Burundians find little refuge in DRC

The eastern region of the Democratic Republic of the Congo is a place of intense contradictions. Driving south from Uvira toward Fizi in the province of South Kivu, the sun sparkles off of the ‘great’ Lake Tangyanika which expands to the east. To the west, the Itombwe mountain range towers above the road in multiple shades of green. It’s clear why many visitors to Eastern Congo refer to it as the Switzerland of Africa.

Unfortunately, the beauty of Congo exists in sharp contrast to the serious insecurity, governance challenges, and humanitarian crises ongoing in several regions of the country. In South Kivu alone, there are dozens of armed groups operating throughout the countryside, many pillaging villages and sometimes clashing with the Congolese army. In 2015, 176,000 people were displaced internally in South Kivu (with new displacement happening every month) and currently, half a million of the province’s residents are food insecure.  Additionally, a potential political crisis could destabilize the region further as President Joseph Kabila considers seeking a third term in violation of the constitution.

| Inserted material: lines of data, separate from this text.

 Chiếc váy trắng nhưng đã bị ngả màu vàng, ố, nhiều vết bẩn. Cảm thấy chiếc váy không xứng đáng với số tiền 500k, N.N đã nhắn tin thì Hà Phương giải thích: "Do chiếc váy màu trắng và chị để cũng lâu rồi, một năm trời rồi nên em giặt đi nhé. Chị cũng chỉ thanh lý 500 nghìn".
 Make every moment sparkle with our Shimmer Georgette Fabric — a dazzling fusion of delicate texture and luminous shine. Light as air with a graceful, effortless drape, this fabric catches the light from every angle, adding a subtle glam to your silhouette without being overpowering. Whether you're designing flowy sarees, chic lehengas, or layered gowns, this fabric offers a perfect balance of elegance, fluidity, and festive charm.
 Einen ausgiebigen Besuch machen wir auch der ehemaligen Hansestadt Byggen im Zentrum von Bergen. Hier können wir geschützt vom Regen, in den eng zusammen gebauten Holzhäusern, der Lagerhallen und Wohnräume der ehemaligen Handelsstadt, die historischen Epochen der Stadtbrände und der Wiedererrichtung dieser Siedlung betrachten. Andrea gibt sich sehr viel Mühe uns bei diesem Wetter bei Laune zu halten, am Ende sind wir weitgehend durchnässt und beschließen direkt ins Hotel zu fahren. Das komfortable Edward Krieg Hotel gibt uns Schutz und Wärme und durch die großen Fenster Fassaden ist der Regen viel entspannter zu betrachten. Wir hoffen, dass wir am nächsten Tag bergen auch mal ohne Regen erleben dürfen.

It is into this context that over 20,000 Burundian refugees have arrived, fleeing a political crisis in their own country. Following a failed coup d’etat against President Pierre Nkurunziza in May 2015 and his subsequent controversial decision to run for a third term, violence erupted between pro-government and pro-opposition elements. At present, the ruling party and its youth militia wing target and persecute citizens who do not actively support the government. Over the past year, 255,000 Burundians have fled their country, with an untold number displaced internally.

My colleague Michael Boyce and I spent the past week meeting with Burundian refugees in South Kivu. There are around 16,000 Burundians living at the Lusenda refugee site, as well as another 5,000 or more residing with host communities in villages to the north and south of Uvira. Though the numbers might appear small for a refugee crisis, the context is complex and volatile and requires a robust and well-resourced response.

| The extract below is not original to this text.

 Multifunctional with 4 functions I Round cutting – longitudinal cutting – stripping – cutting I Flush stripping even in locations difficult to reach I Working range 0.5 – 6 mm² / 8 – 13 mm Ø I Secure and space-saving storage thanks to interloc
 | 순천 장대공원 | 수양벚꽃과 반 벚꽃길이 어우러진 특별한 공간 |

At the Lusenda site, refugees have protested the quantity and quality of services provided, such as a meagre $15 a month per person to purchase food provisions. Congolese police, who are not well-trained or well-paid themselves, have responded to these protests by firing live bullets. Nearly every refugee whom we interviewed in Lusenda told us that they were concerned about the behavior of the police and the potential for an escalation of tension.

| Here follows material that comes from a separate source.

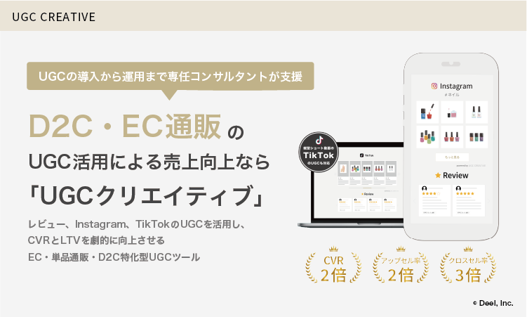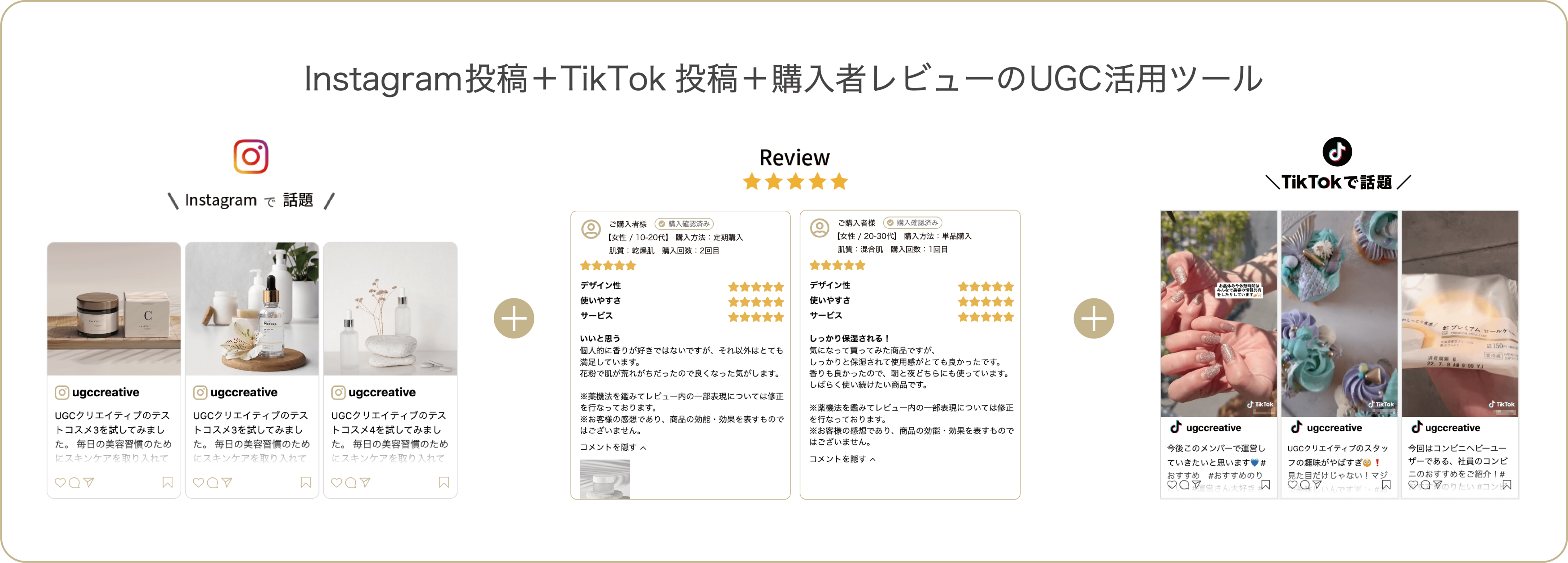 UGCクリエイティブは、「InstagramのUGC(=写真と動画のUGC)」と「TikTokのUGC(=縦型ショート動画のUGC)」と 「レビューのUGC(=★とテキストのUGC)」の3つのUGCを生成→収集→掲載→分析→改善まで一気通貫で自動化させ、高速でUGCの活用⇔改善のPDCAを回すことで、D2C・単品リピート通販・EC企業の売上(新規CV率、引き上げ率、クロスセル率)を劇的に向上させるUGC活用ツールです。

Inside the two main transit centers where new refugee arrivals are processed and registered before taking up residence at Lusenda, we spoke with numerous refugees who told us that they had spent weeks at the centers with no clear indication about when they might be able to move to the camp. As the sites are meant for only short-term stays there are limited services available, and a prolonged or indefinite stay will only add to the refugees’ anguish.

As noted above, several thousand refugees have decided to live outside of Lusenda camp with host communities. We met with a number of refugee families that had been welcomed into local villages. Unfortunately, though, they were having trouble paying for school and medical fees. One woman, Elizabeth, who fled from Burundi with her nine children, told us that she could only afford to send two of her kids to school. Another women, Abimana, who crossed into DRC with seven grandchildren in her care, can only afford to send one of her kids to school. Yet another woman we met said that she’d been feeling ill for days but could not afford to go to the local health center. When we asked refugees why they didn’t prefer to live in the camp, one refugee mother told us that a camp was no place to raise children, and she was worried that they might face harm there. We also heard from a refugee who said she was waiting for other family members to cross from Burundi and that she didn’t want to go into the camp until they arrived and were united.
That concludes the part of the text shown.